Black Midi – ‘Cavalcade’
Black Midi’s second album Cavalcade has been hotly anticipated. 2019’s Schlagenheim was lauded by critics, winning the year’s Mercury Prize. Keeping busy during lockdown the quartet have released a spoken word anthology as well as a radio show on NTS Radio, whilst also performing a charity gig to save the infamous The Windmill venue in London, where the four got their first regular gig. The expectations surrounding what the band would make of this album, and what direction they would take, have been high. Cavalcade is alot more of an album, in every sense of the word. Black Midi don’t introduce songs as much as they present seemingly disparate riffs and rhythms, held together intricately and occasionally descending into noise. Alongside the musical extremes, the half-spoken half-sung spoken word that threads through the album speak of societal decay.
Perhaps a stand out in the album, due to its difference is Marlene Dietrich. The only ballad that offers something in the way of a straightforward melody, the song also delivers the only potentially ‘sung’ song on the album. Diamond Stuff dedicates about half of its length to an acoustic guitar, whilst Hogwash and Balderdash is more derisive. Overall the musicianship is impressive, even if the music is occasionally, and risks, being unintelligible. Black Midi have managed to make an album that takes in fresh influences, whilst retaining their uniqueness to start with. The most important takeaway is to spend time listening to the album, as each listen seems to show a new level to the extremtities it puts on show. (Tamsin Paternoster)
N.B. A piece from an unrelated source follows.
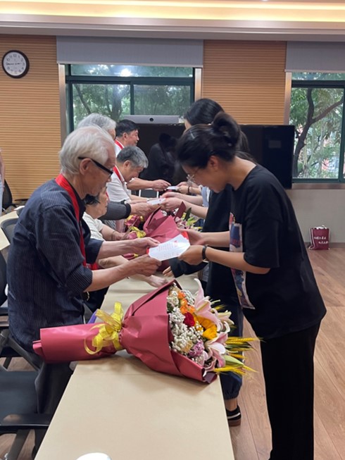 “光榮在黨50年”紀念章獲得者代表為2021年新發展黨員代表發放政治生日卡,希望他們牢記入黨初心,從百年黨史中汲取奮進力量,奮發有為。

Easy Life – ‘Life’s A Beach’
Despite popular capitalistic belief idleness can indeed be an important source of creativity and British pop history is packed with stories that underline that. Easy Life from Leicester are the latest sparkling new band that turns the lack of perspective of their small town roots into mighty anthems for the misfits. But in the case of bandleader Murray Matravers and his fellow mates that didn’t result in gloomy post-punk or furious garage rock but rather into sun-drenched summery pop gems with honest and subtle stories in them. So yeah, Easy Life aren’t the next IDLES or Black Country, New Road, yet they share a similar attitude especially in their avoidance for strict genre limitations. They oppose the current desire for bleakness with authentic optimism and an open-minded desire to chill the fuck out and that’s what their debut album Life’s A Beach is basically about. “There is nobody else who can do you like you can do … so just be,” Matravers sings in the opening A Message To Myself which is a powerful little gospel of self-affirmation. “Stay focussed, stay hopeful” he states before the smooth Have A Great Day and Ocean Views take the entire album to delicate pool party territory.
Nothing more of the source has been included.